Exercise instructions >> The expected output is exactly the lines below, starting at the line with "To the restaurant" and ending at the line with "10月20日,雷竞技官网在致", both included; no other line belongs in it.

Data provided >>
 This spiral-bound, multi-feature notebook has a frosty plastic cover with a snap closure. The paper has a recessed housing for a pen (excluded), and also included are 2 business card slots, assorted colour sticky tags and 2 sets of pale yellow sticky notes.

--

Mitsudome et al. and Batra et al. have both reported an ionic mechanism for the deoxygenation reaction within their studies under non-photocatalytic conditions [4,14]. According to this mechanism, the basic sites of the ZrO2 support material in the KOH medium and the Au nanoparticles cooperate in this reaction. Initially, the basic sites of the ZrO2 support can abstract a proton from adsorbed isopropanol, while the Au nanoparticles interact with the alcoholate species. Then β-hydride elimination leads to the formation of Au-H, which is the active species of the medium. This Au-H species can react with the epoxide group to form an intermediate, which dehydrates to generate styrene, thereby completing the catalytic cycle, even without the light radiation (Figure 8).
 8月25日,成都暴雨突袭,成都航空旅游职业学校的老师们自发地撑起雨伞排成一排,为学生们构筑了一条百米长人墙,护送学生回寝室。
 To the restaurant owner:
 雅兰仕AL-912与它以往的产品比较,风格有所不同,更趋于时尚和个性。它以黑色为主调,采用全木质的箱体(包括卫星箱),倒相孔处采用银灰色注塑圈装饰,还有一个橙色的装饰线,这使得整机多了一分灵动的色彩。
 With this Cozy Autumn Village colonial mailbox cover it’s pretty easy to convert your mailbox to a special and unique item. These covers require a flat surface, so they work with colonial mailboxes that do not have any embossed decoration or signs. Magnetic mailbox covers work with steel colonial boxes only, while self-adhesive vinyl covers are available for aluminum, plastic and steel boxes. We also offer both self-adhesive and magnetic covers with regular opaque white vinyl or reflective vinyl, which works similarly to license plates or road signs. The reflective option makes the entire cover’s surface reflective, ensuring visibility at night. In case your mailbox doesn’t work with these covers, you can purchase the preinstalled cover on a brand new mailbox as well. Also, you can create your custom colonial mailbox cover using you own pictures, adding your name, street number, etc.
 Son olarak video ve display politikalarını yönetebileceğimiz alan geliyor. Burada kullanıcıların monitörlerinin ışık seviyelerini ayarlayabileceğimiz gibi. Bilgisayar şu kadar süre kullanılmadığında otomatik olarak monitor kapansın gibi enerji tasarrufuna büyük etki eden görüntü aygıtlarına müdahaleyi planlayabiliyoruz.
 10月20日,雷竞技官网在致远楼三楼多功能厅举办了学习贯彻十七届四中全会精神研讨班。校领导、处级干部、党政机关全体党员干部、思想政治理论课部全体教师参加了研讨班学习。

Completed exercise >>
 To the restaurant owner:
 雅兰仕AL-912与它以往的产品比较,风格有所不同,更趋于时尚和个性。它以黑色为主调,采用全木质的箱体(包括卫星箱),倒相孔处采用银灰色注塑圈装饰,还有一个橙色的装饰线,这使得整机多了一分灵动的色彩。
 With this Cozy Autumn Village colonial mailbox cover it’s pretty easy to convert your mailbox to a special and unique item. These covers require a flat surface, so they work with colonial mailboxes that do not have any embossed decoration or signs. Magnetic mailbox covers work with steel colonial boxes only, while self-adhesive vinyl covers are available for aluminum, plastic and steel boxes. We also offer both self-adhesive and magnetic covers with regular opaque white vinyl or reflective vinyl, which works similarly to license plates or road signs. The reflective option makes the entire cover’s surface reflective, ensuring visibility at night. In case your mailbox doesn’t work with these covers, you can purchase the preinstalled cover on a brand new mailbox as well. Also, you can create your custom colonial mailbox cover using you own pictures, adding your name, street number, etc.
 Son olarak video ve display politikalarını yönetebileceğimiz alan geliyor. Burada kullanıcıların monitörlerinin ışık seviyelerini ayarlayabileceğimiz gibi. Bilgisayar şu kadar süre kullanılmadığında otomatik olarak monitor kapansın gibi enerji tasarrufuna büyük etki eden görüntü aygıtlarına müdahaleyi planlayabiliyoruz.
 10月20日,雷竞技官网在致远楼三楼多功能厅举办了学习贯彻十七届四中全会精神研讨班。校领导、处级干部、党政机关全体党员干部、思想政治理论课部全体教师参加了研讨班学习。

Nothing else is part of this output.